Figure 5. Loss of Slc39a5 results in elevated hepatic zinc and activation of hepatic AMPK signaling in leptin-receptor deficient female mice and female mice challenged with high-fat high fructose diet (HFFD).

Analyses were done on explanted liver samples collected after 16 hr of fasting at an endpoint in Lepr^-/- (A–C) and HFFD mice (D–F). (A, D) Immunoblot analysis of hepatic AMPK and AKT activation. AMPK and AKT signaling is activated in Lepr^-/-; Slc39a5^-/- mice and HFFD Slc39a5^-/- mice (compared to their Scl39a5^+/+ counterparts). (B, E) Hepatic zinc is elevated in Lepr^-/-; Slc39a5^-/- mice and HFFD Slc39a5^-/- mice (n=10–21). (C, F) Elevated hepatic zinc results in increased Mt1 (zinc responsive gene) expression in both models. (G) Immunoblot analysis of primary human hepatocytes treated with zinc chloride (ZnCl₂), and magnesium chloride (MgCl₂), okadaic acid (OA), metformin (Met) for 4 hr.

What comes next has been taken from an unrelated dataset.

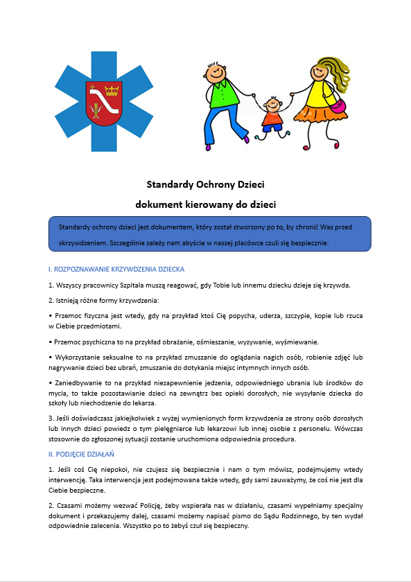 w celu ochrony dziecka. Pracownicy SPZOZ w Proszowicach informują rodziców/opiekunów o Standardach Ochrony Małoletnich oraz współpracują z nimi w celu zapewnienia bezpiecznego środowiska dla dzieci. Dokument udostępniony jest zarówno na stronie internetowej, jak i w widocznym miejscu w placówce (tablice informacyjne).

Zinc-activated AMPK and AKT signaling in primary human hepatocytes. (H) Densitometric analysis of immunoblots (compared to control). *p<0.05, **p<0.01, ***p<0.001, ANOVA with post hoc Tukey’s test.

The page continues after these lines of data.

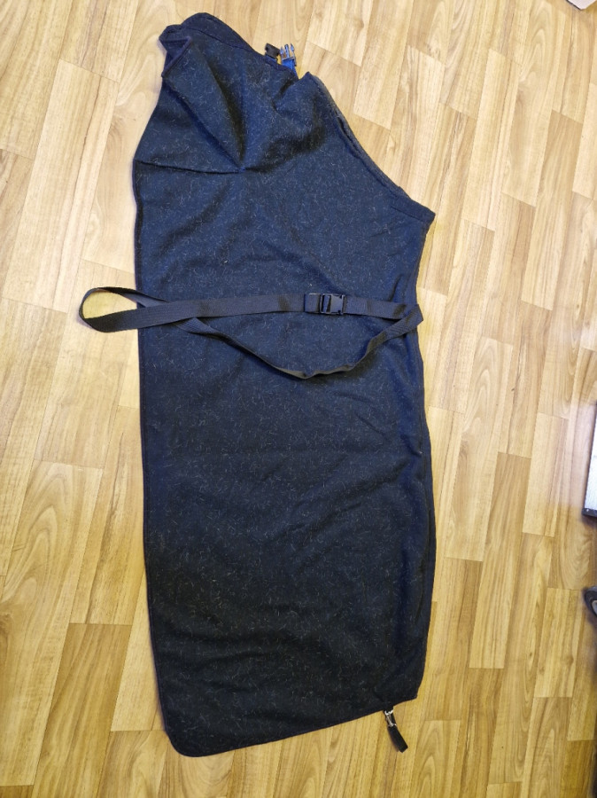 Osuszająca, z dorobionym pasem na sprzączkę. Używana na siwku, więc z widocznymi włoskami. Z zakładkami dla swobodnego ruchu. Wyprana. Dorobiłam do niej kaptur, zakładany na uszy, pod kantar, żeby nie spadał. Wszyte rzepy pozwalają szybko założyć i zdjąć. Idealna na wykąpanego konia, pozwala się osuszyć i nie marznąć na wietrze.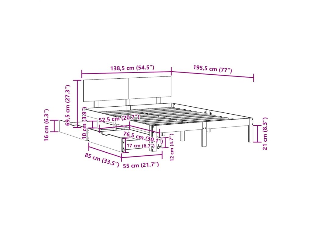 - Vhodné rozměry matrace: 135 x 190 cm (Š x D) (matrace není součástí balení)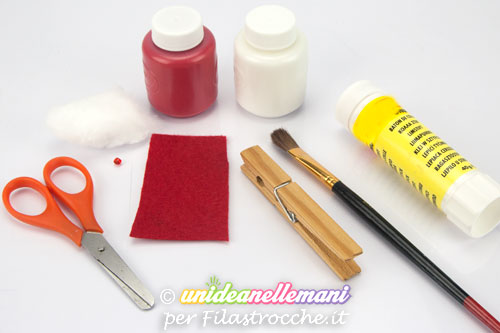 Colora di rosso la molletta con della tempera rossa, cercando di stendere il colore in modo da ricoprirla uniformemente.

Figure 5—figure supplement 1. Loss of Slc39a5 results in elevated hepatic zinc and activation of hepatic AMPK signaling in congenital and diet-induced obesity models.

Analyses were done on explanted liver samples collected from male mice after 16 hr of fasting at an endpoint of congenital (A–C) and diet-induced obesity (D–F). (A, D) Immunoblot analysis of hepatic AMPK and AKT activation. (B, E) Hepatic zinc measurements (n=10–21). (C, F) Hepatic Mt1 gene expression. *p<0.05, **p<0.01, ***p<0.001, ANOVA with post hoc Tukey’s test.

Figure 5—figure supplement 2. Loss of Slc39a5 does not alter hepatic magnesium, iron, copper, calcium, and cobalt levels in Lepr-/- mice.

Female (A–C) and male (D–F) mice were examined at 34 wk of age. (A, D) Densitometric analysis of hepatic AMPK and AKT signaling. (B, E) Hepatic expression of Slc39a5 and Mt2. (C, F) Hepatic ion quantification by flame atomic absorption spectrometry. *p<0.05, **p<0.01, ***p<0.001, ANOVA with post hoc Tukey’s test.

Figure 5—figure supplement 3. Zinc activates AMPK and AKT signaling in a time-dependent and dose-dependent manner.

(A) No differences in cell viability were observed in human primary hepatocytes (after 4 hr treatment) across different experimental groups. (B) Time-resolved (0–4 hr) immunoblotting analyses of primary human hepatocytes treated with zinc chloride. (C) Immunoblots of HepG2 were treated with zinc chloride (ZnCl₂) and magnesium chloride (MgCl₂). (D) Time-resolved (0–4 hr) immunoblotting analyses of HepG2 treated with zinc chloride. Okadaic acid (OA), metformin (Met), N,N,N',N'-Tetrakis(2-pyridylmethyl)ethylenediamine (TPEN).

Figure 5—figure supplement 4. Elevated hepatic zinc results in reduced protein phosphatase activity.

Analyses were done on explanted liver samples collected after 16 hr fast at the endpoint of congenital obesity (A–B) and diet-induced obesity (C–D) challenges. Female (A, C) and Male (B, D) mice. (A–D) Ser/Thr and Tyr protein phosphatase activity. (E) Ser/Thr and Tyr protein phosphatase activity in primary human hepatocytes treated with zinc chloride (ZnCl₂), magnesium chloride (MgCl2), and N,N,N',N'-Tetrakis(2-pyridylmethyl)ethylenediamine (TPEN) for 4 hr. *p<0.05, **p<0.01, ***p<0.001, ANOVA with post hoc Tukey’s test.